The object of all justice systems should be, in the words of Gilbert and Sullivan: "To let the punishment fit the crime."
Systems of justice are more likely to achieve the dual objectives of punishment and deterrence when all can see that the severity of the punishment is appropriate to the seriousness of the violation — and when people understand the factors that went into determining that punishment.
Finra's decision to provide more explanation of the rationale for penalties levied on firms and individuals for violations of its rules and federal securities laws is therefore welcome.
The move was foreshadowed in February in a speech by Susan Schroeder, Finra's executive vice president for enforcement, and has now been demonstrated in a footnote in a settlement letter imposing a $4 million fine to Fifth Third Securities Inc. over the sale of variable annuities.
The footnote outlined the agency's reasons for the severity of the fine: the harm to customers caused by the firm's violations, the breadth and extended duration of the violations, and the firm's recidivism and its failure to comply with prior regulatory action.
It is apparent from the footnote that the punishment fits the violations and gives confidence that the aggravating aspects of the case have been weighed, the level of the penalty has been carefully considered and the penalty is fair.

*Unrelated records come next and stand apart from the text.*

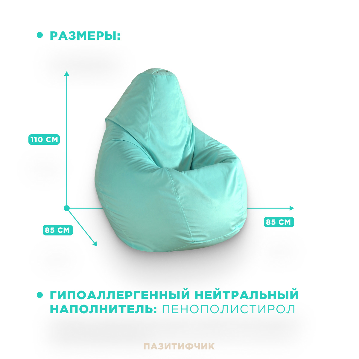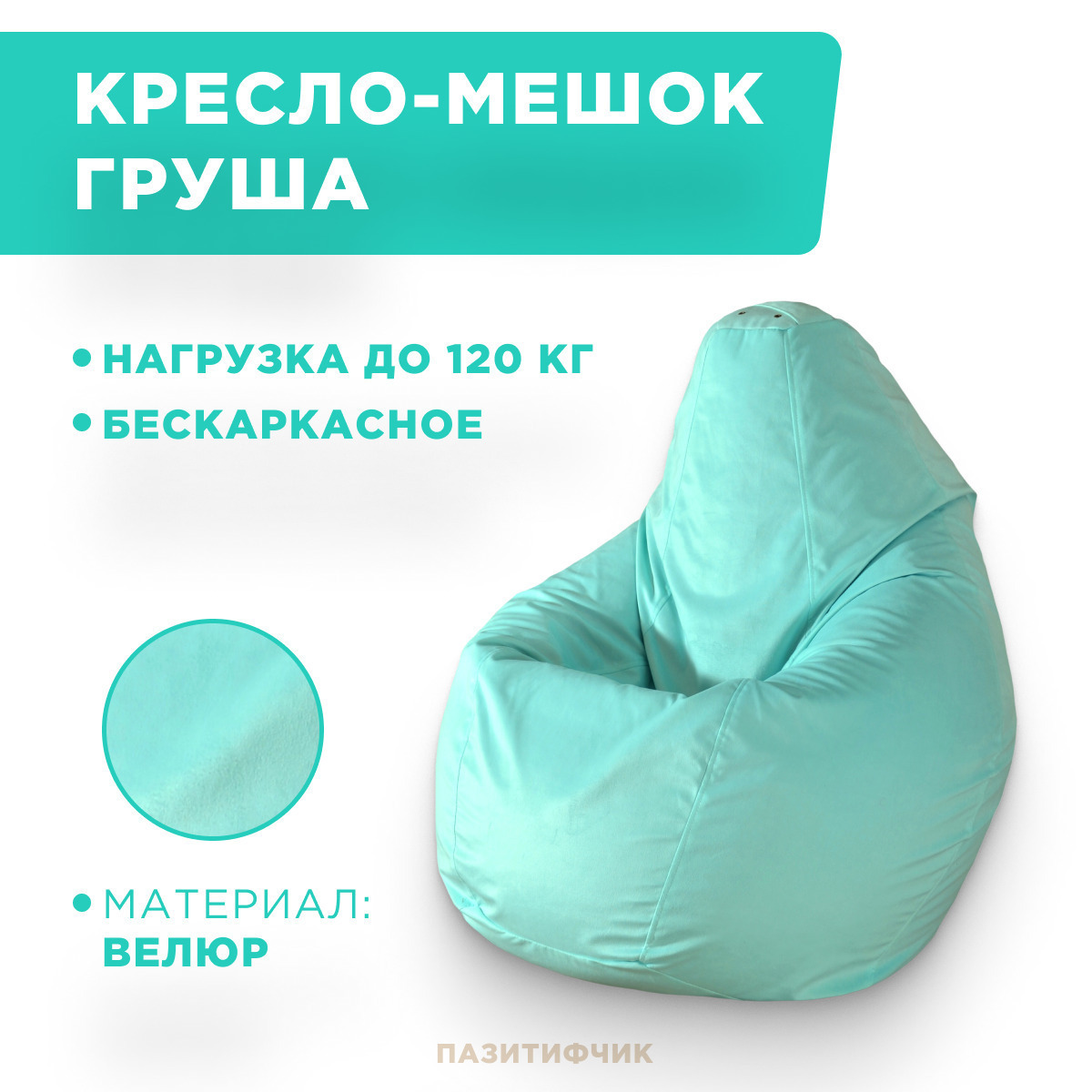 Кресло мешок груша Пазитифчик Мятный (велюр) 110х85 см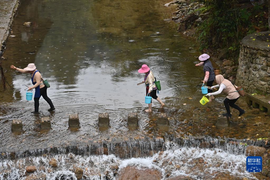 11月19日,在廣西融水苗族自治縣桿洞鄉黨鳩村,村民在河長(cháng)的組織下清理烏嘎河垃圾。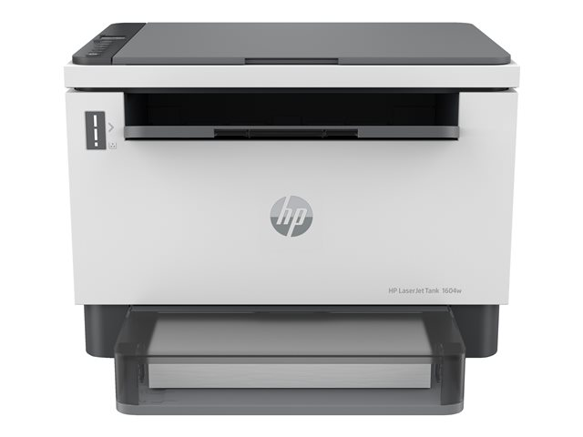 Produktbeskrivning HP LaserJet Tank MFP 1604w - multifunktionsskrivare - svartvit Typ av enhet Multifunktionsskrivare Lokalisering Engelska, tyska, spanska, franska, italienska / Europa Utskriftsteknik Laser (monokrom) Driftscykel per månad (max) 25000 sidor Rekommenderad månatlig volym 250 - 2 500 sidor Max kopieringshastighet Upp till 14 sidor/minut Max kopieringsupplösning Upp till 600 x 600 dpi Max utskriftshastighet Upp till 22 sidor/minut Max utskriftsupplösning Upp till 600 x 600 dpi Skanning 600 x 1200 dpi Originalstorlek 216 x 297 mm (max) Originaltyp Ark Dokumentmatarens kapacitet 40 ark Mediastorlek 102 x 152 mm (min) - Legal (216 x 356 mm), A4 (210 x 297 mm) (max) Mediatyp Vanligt papper, kuvert, etiketter, kortlager, brevkort Standard mediekapacitet 150 ark Max mediekapacitet 150 ark Utmatningsfackens kapacitet 100 ark Anslutningsmöjlighet Ja Gränssnitt USB 2.0, LAN, Wi-Fi(n), Bluetooth LE AirPrint-aktiverad Ja Kontorsmaskinfunktioner Skanna till PDF, skanna till e-post, utskrift från mobila enheter, automatiskt pappersavkännare, HP Auto-On/Auto-Off Technology, Mopria-certifierad Strömtillförsel AC 230 V (50/60Hz) Dimensioner (BxDxH) 36.8 cm x 32.6 cm x 25.5 cm Vikt 7.9 kg Miljöstandarder ENERGY STAR-godkänd, Blue Angel -

This transparency adds credibility to Finra's enforcement actions and to the fairness of the penalties imposed. It will allow all in the industry to observe whether the penalties Finra imposes are consistent across cases and across time. In doing so, it also imposes discipline upon Finra to ensure that its penalties are consistent.
Finra's object all sublime, it shall achieve in time — to let the punishment fit the crime. (With apologies to Gilbert and Sullivan.)